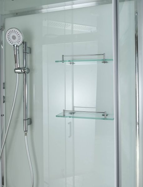 Стильная душевая кабина AvaCan сочетает в себе высокую функциональность, практичность и надежность. При изготовлении применяется безопасное закаленное стекло, надежно фиксируемое алюминиевым профилем. Профиль сделан из алюминия повышенной прочности. Сборка без силикона (увеличивает срок службы, защищает от протечек), внутренняя сборка (облегчает установку и ревизию; позволяет установить в ограниченном пространстве и обойтись без демонтажа других сантехнических приборов), смеситель резьбовой (без хомутов). Двойные металлические ролики дверей (распределение нагрузки на два ролика, увеличивают срок службы). Душевая штанга(позволяет регулировать по высоте ручную лейку), ручная арома-лейка с витамином С (картридж в комплекте,есть возможность замены или удаления картриджа), полочки(из стекла, с ограничителем), сифон с гидрозатвором.
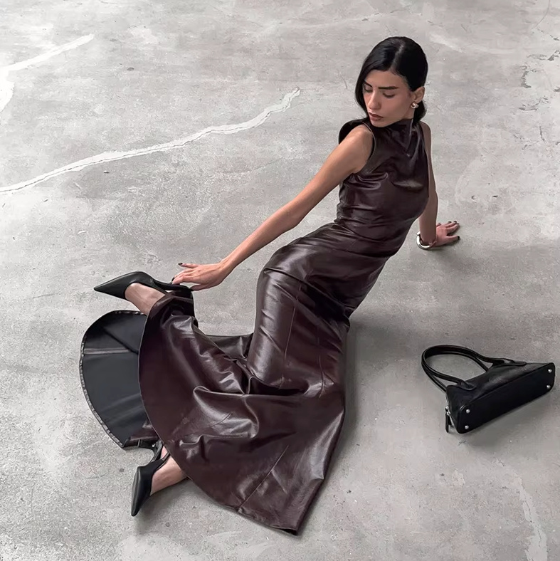 PU Leather Fit and Flare Women’s Long Dress in Dark Brown
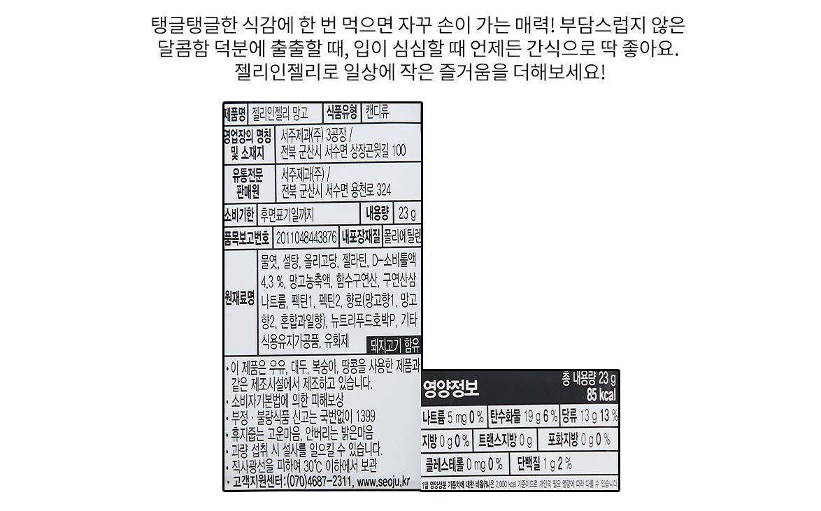 무배) 서주 젤리인젤리 망고 23g x 12개 (1박스-4통)
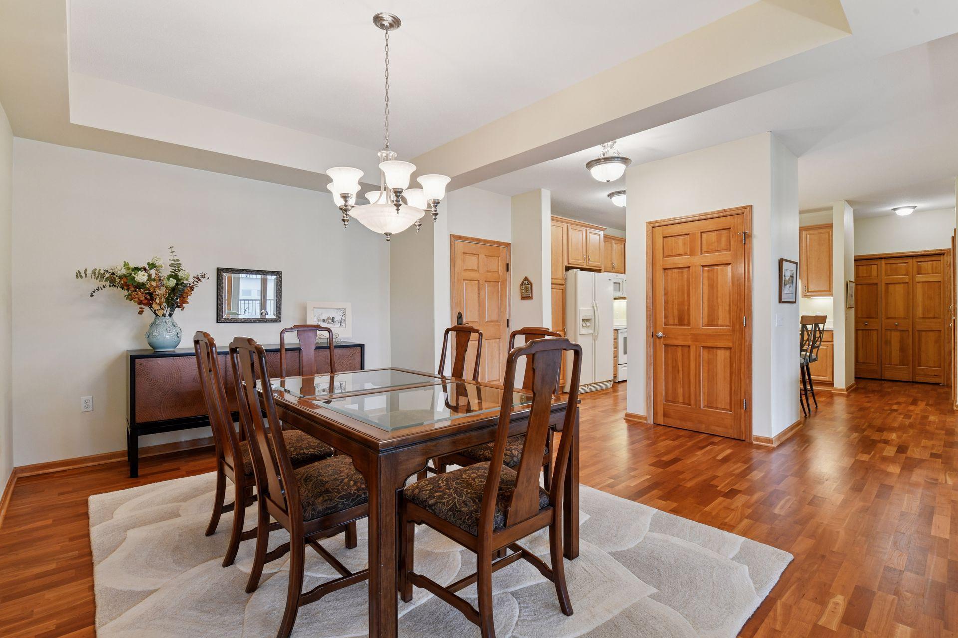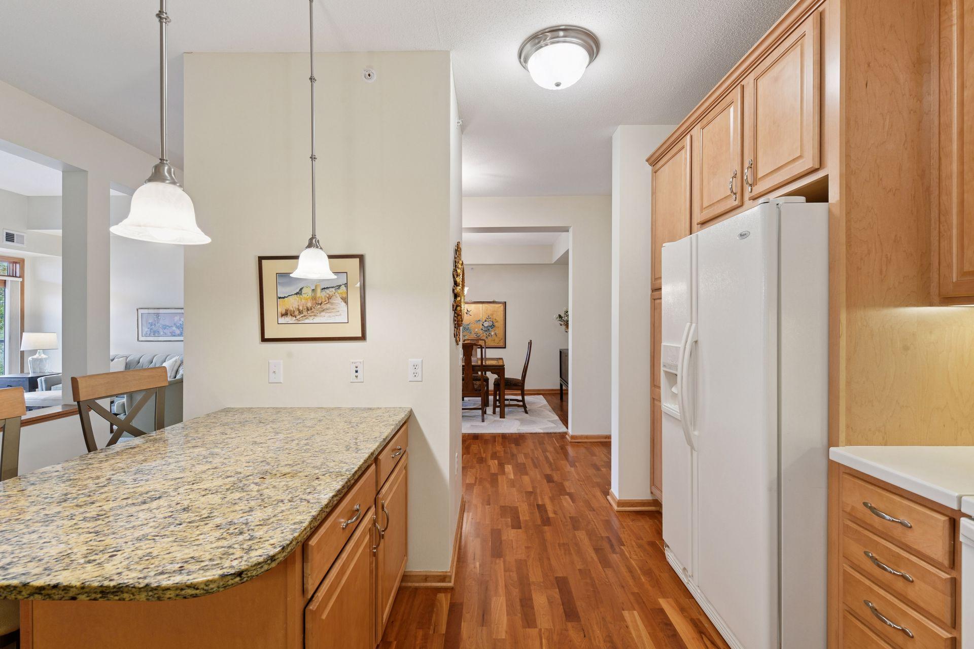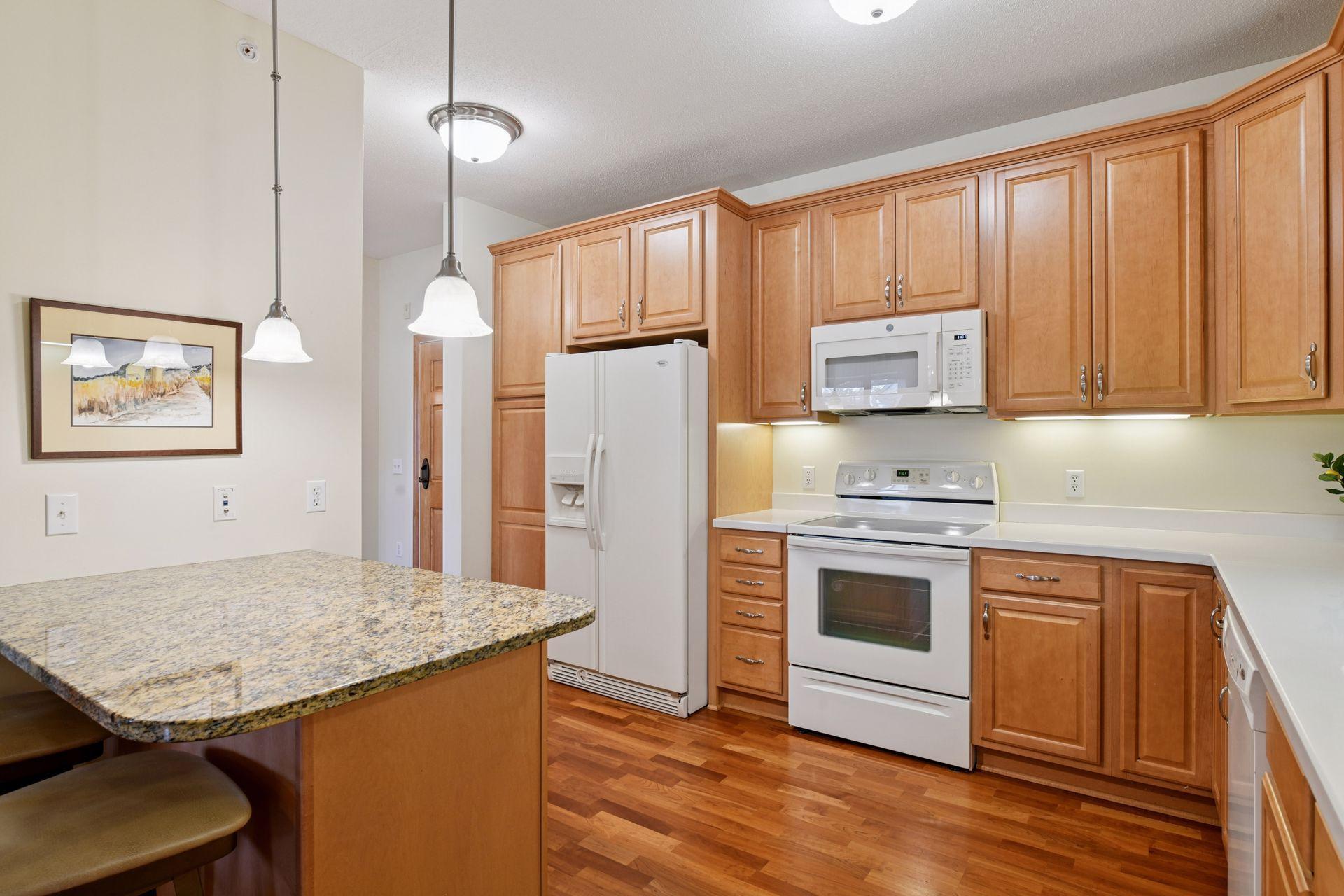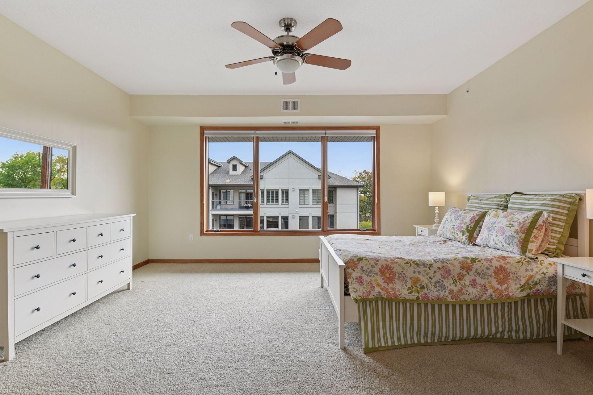 Spectacular top floor, corner unit in the highly sought-after Grandview Square. The elegance of single-level living boasting two bedrooms and two bathrooms across 1639 square feet. Gracious, open floor plan with 9'ceilings and abundant light pouring in from every window. The living room features a gas fireplace, transom windows with sliding doors opening to a private, composite balcony plumbed with a gas line for grilling. The formal dining room is perfect for entertaining with family and friends while providing wonderful everyday living space. The chefs kitchen has abundant cabinet space and breakfast bar. The large primary suite features a walk-in closet, luxurious primary bath with double vanity, separate soaking tub and shower. The second bedroom is bright, large closets throughout, built in bookshelves, laundry room with full size washer and dryer and sink. Wonderful location perfectly positioned by Jerrys, Edina Library, restaurants, walking paths, parks, not to be missed! Two adjacent garage stalls in the heated underground parking and a storage unit on the same floor as the condo. Welcoming community room, fitness room, guest room and hobby room plus outdoor patio.

## EXERCISE OBJECTIVE
From the first line of the material down to the line containing "무배) 서주 젤리인젤리 망고 23g x 12개 (1박스-4통)", inclusive, return each line exactly, skipping any picture.

## TASK RESPONSE
 Стильная душевая кабина AvaCan сочетает в себе высокую функциональность, практичность и надежность. При изготовлении применяется безопасное закаленное стекло, надежно фиксируемое алюминиевым профилем. Профиль сделан из алюминия повышенной прочности. Сборка без силикона (увеличивает срок службы, защищает от протечек), внутренняя сборка (облегчает установку и ревизию; позволяет установить в ограниченном пространстве и обойтись без демонтажа других сантехнических приборов), смеситель резьбовой (без хомутов). Двойные металлические ролики дверей (распределение нагрузки на два ролика, увеличивают срок службы). Душевая штанга(позволяет регулировать по высоте ручную лейку), ручная арома-лейка с витамином С (картридж в комплекте,есть возможность замены или удаления картриджа), полочки(из стекла, с ограничителем), сифон с гидрозатвором.
 PU Leather Fit and Flare Women’s Long Dress in Dark Brown
 무배) 서주 젤리인젤리 망고 23g x 12개 (1박스-4통)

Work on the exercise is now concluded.